Leaders, including President Biden, promised help. But government officials struggled to provide some goods and services, such as cooling centers to help residents manage the deadly temperatures.

This is a story of a community in crisis — but also of a community that had each other’s backs.

Part I: Going without

Hurricane Ida was one of the strongest hurricanes ever to hit Louisiana. More than 1 million electricity customers lost power after the storm’s 150-mph winds demolished power lines and severed connections to the grid.

Turning the lights back on proved achingly slow, especially outside of the state’s major population centers. In the days after Ida, the residents of Yorktowne Drive spent long, suffocating hours without the essentials. For many, it felt like life was on excruciating pause until the power returned.

For Sandra Ross, the lack of water was maddening. The drinking water LaPlace residents rely on is pumped through an aging pipeline sourced from a groundwater well 14 miles away. The system has long been a target of planned infrastructure upgrades, but it did not happen before Mother Nature beat them to the punch. So Ross, 59, was stuck collecting rain water in buckets for her beloved plants, rinsing off with bottles of water and bathing with wet wipes. She drank bottled water provided by the parish, watching her supply carefully.

Then there was the life-threatening swelter. Temperatures during daylight hours soar to the mid-nineties, but the strangling humidity can make it feel like 102 degrees.
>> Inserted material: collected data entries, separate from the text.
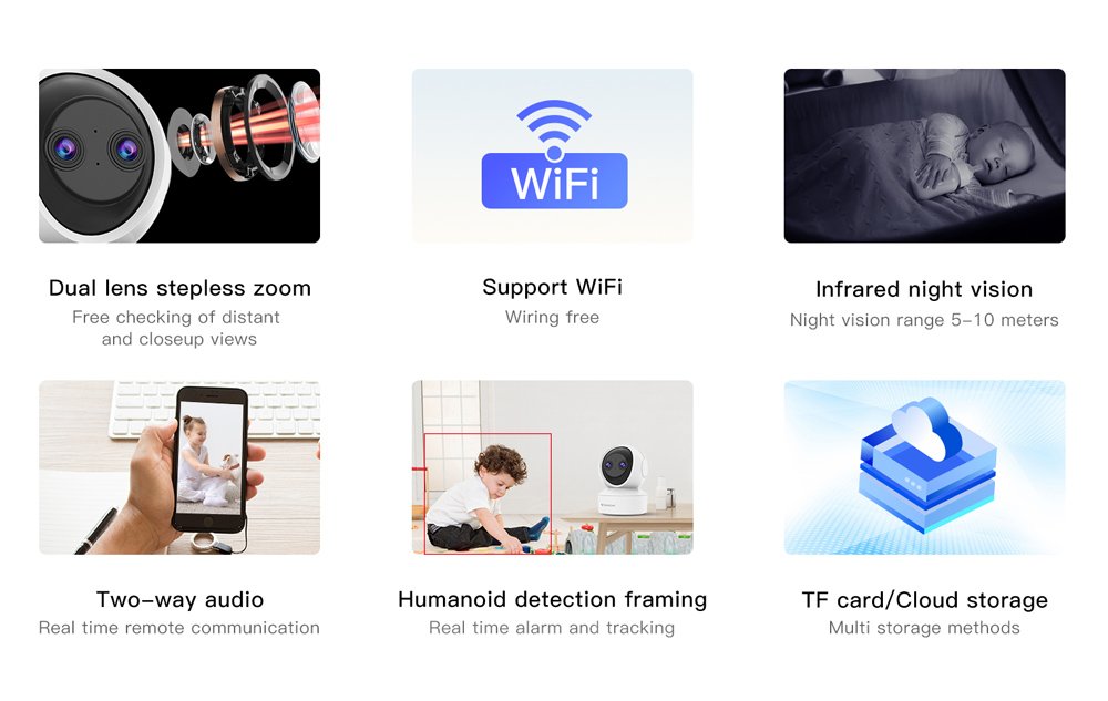 -Storage: Supports TF card (max 256GB), Cloud Storage, NVR, NAS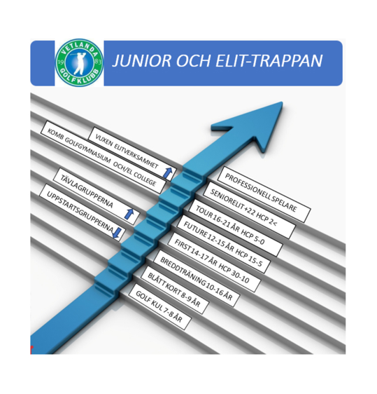Vi delar in ungdomsträningen i sex delar. Men det finns fler steg allt eftersom. Utveckling har en förmåga att aldrig stanna av. Under finns en tänkt struktur för din utveckling från knatte till proffs i ungdomsverksamheten på Vetlanda Golfklubb.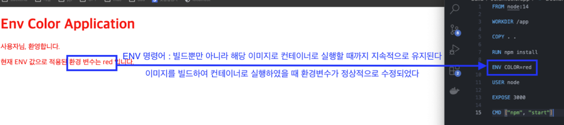 ARG 명령어와 마찬가지로 Dockerfile의 ENV 명령어에 red 값을 지정하였습니다. 해당 이미지를 빌드 후 실행하면 ARG 명령어와 달리 정상적으로 변경되어 있음을 알 수 있습니다.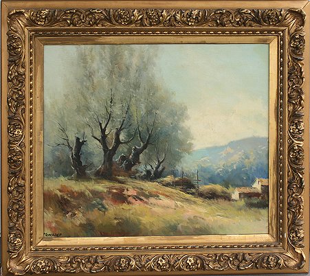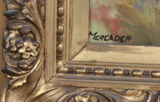 PANORAMIC LANDSCAPE PAINTING SIGNED MERCADER, GREAT FRAME: OIL/Canvas, 25'' x 31'', carved and painted gilt frame with wear, 35'' x 40''.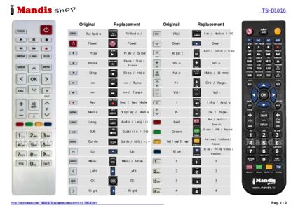1. Look at the images of the two remote controls: the original (left) and the replacement (right).

In a house nearby, LaKeisha Crouch faced similar struggles. Her home was unbearable without air conditioning or gas for a generator. Her plumbing was nonfunctioning. And then there were the other fears. Her 13-year-old son was in Texas riding out the storm; Crouch didn’t want him home until the block was electrified. As the days dragged on, she wished she had gone with him.

Crouch’s signature swagger melted at the mention of her baby boy. “I miss him. I miss him so much,” Crouch said. “I rather him there than living through this.”

Over at Sandy Watkins’s house, two doors down from Crouch, problems were mounting. The number of dwellers in her small brick home doubled after her daughter’s apartment was destroyed by Ida. Her daughter and grandson filled the corners of her dark home with more love but also more stress.

Watkins knew from experience never to ride out a storm. Though she was strapped for cash, she booked two nights in a hotel in Pasadena, Tex., while Ida bore down. Then, she needed an $899 generator for her home. Next, she needed a few gas canisters at $16 to $30 a pop to fuel the machine. A grill and charcoal were must-haves for supper to be possible. By the time Watkins, who is disabled, reached her powerless home, she had dipped into her savings.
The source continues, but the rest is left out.